By Tim Weber
Business Editor, BBC News website, in Davos
Mr Brown hopes for a commitment from all G7 nations
The world's seven richest countries - the G7 - should offer poor countries 100% debt relief, UK Chancellor Gordon Brown has said.
Speaking at the World Economic Forum in Davos, Mr Brown said he hoped to persuade his colleagues to commit to the goal by the end of the year.
His pledge has already won support from France's new Finance Minister, Herve Gaymard.
Both politicians promised to engage with Global Call to Action Against Poverty, a pressure group formed on Thursday at the World Social Forum in Brazil.
Held to account
Mr Brown also promised that the current round of trade talks would be the "first that is in the interest of developing countries".
Next Friday's meeting of the G7 finance minister would put debt relief and development issues at the top of its agenda, Mr Brown said, adding that this had been agreed with all the ministers from the world's richest countries.
The meeting will also be addressed by former South African President Nelson Mandela, who will argue the case for comprehensive debt relief.
Anti-poverty campaigners like rock star Bono and former president of Ireland Mary Robinson, now president of Oxfam International, praised the UK and French finance ministers, but warned that they would hold them to account at the end of the year.
Change of game
Global Call to Action Against Poverty is supported by a wide range of organisations, from Action Aid and the All Africa Council of Churches to global trade unions and World Vision International.
The organisation plans three action days this year to lobby G7 governments with peaceful demonstrations.
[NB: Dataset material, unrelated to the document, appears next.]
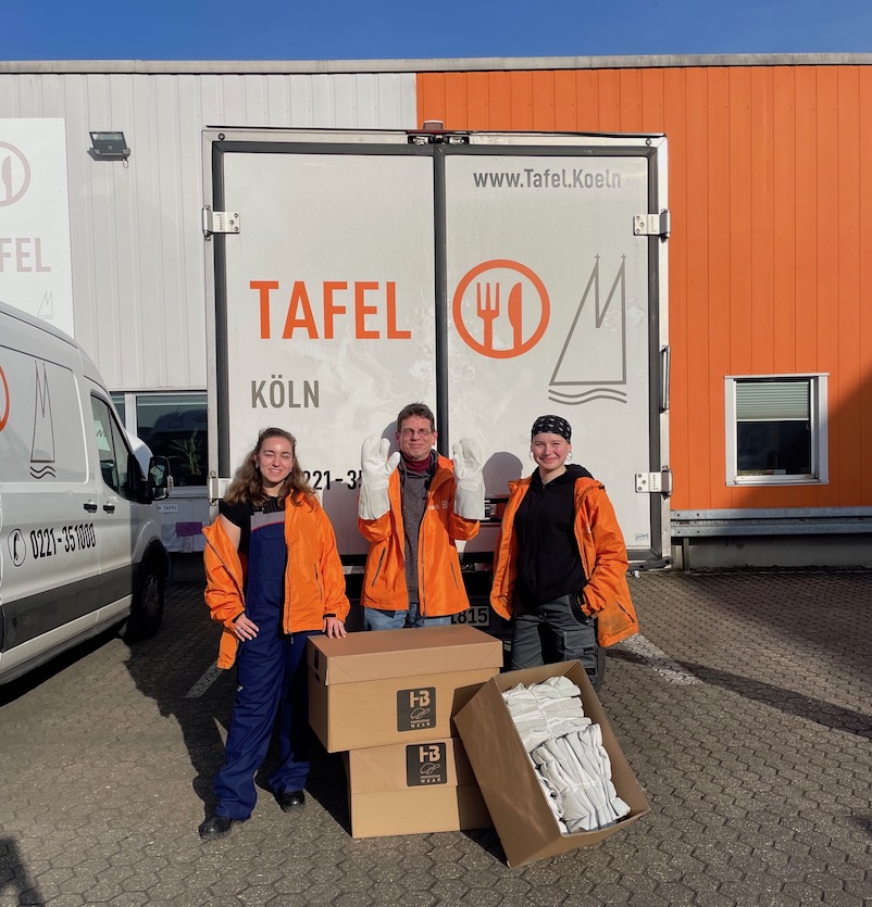 HB Protective Wear hat dem gemeinnützigen Verein „Die Tafel e.V.“ insgesamt 436 Teile übergeben. Dabei handelt es sich hauptsächlich um Bund- und Latzhosen in dunklen, unempfindlichen Farben mit und ohne Reflexstreifen, Kälteschutzhosen für Damen sowie Handschuhe und Parkas. Die Sachen wurden von Thalhausen ins Tafel-Zentrallager nach Köln gebracht und werden von dort an die anderen Verteilstellen und Standorte der Tafel weitergeleitet.

Mrs Robinson said there was still a lack of political will to tackle poverty, despite the support from the UK and France, and the promise by German Chancellor Gerhard Schroeder to support a major British debt relief initiative.
Mr Schroeder had told delegates at the World Economic Forum that he would back a UK proposal to increase funding for the United Nation's Millennium Development Goals by refinancing the so-called International Finance Facility.
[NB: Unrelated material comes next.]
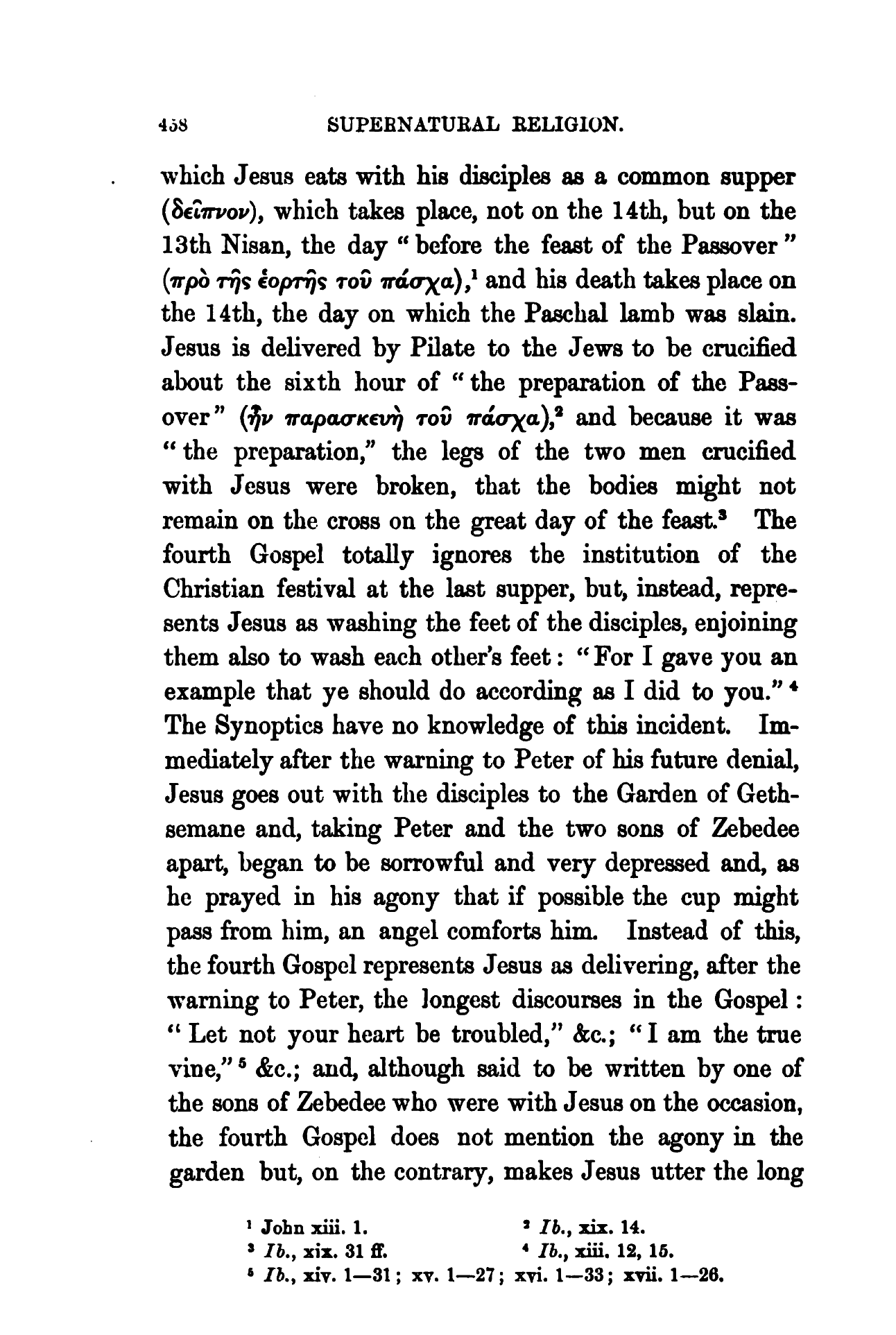 The Synoptics represent most clearly that Jesus on the evening of the 14th Nisan, after the custom of the Jews, ate the Passover with his disciples,(4) and that he was arrested in the first hours of the 15th Nisan, the day on which he was put to death. Nothing can be more distinct than the statement that the last supper was the Paschal feast. "They made ready the Passover [———], and when the hour was come, he sat down and the apostles with him, and he said to them: With desire I desired to eat this Passover with you before I suffer" [———].(5) The fourth Gospel, however, in accordance with the principle which is dominant throughout, represents the last repast

He also backed a proposal made by French President Jacques Chirac on Wednesday to tax speculative cross-border financial transactions, a suggestion that has been greeted with scepticism in Britain and the United States.
Bono, speaking at Davos, described Mr Brown's plan as a turning point in the campaign to tackle world poverty.
"There are moments in these campaigns when you feel the game change. Today I knew the game had changed.
"This is supposed to be a talking shop but instead something very real has come out of it."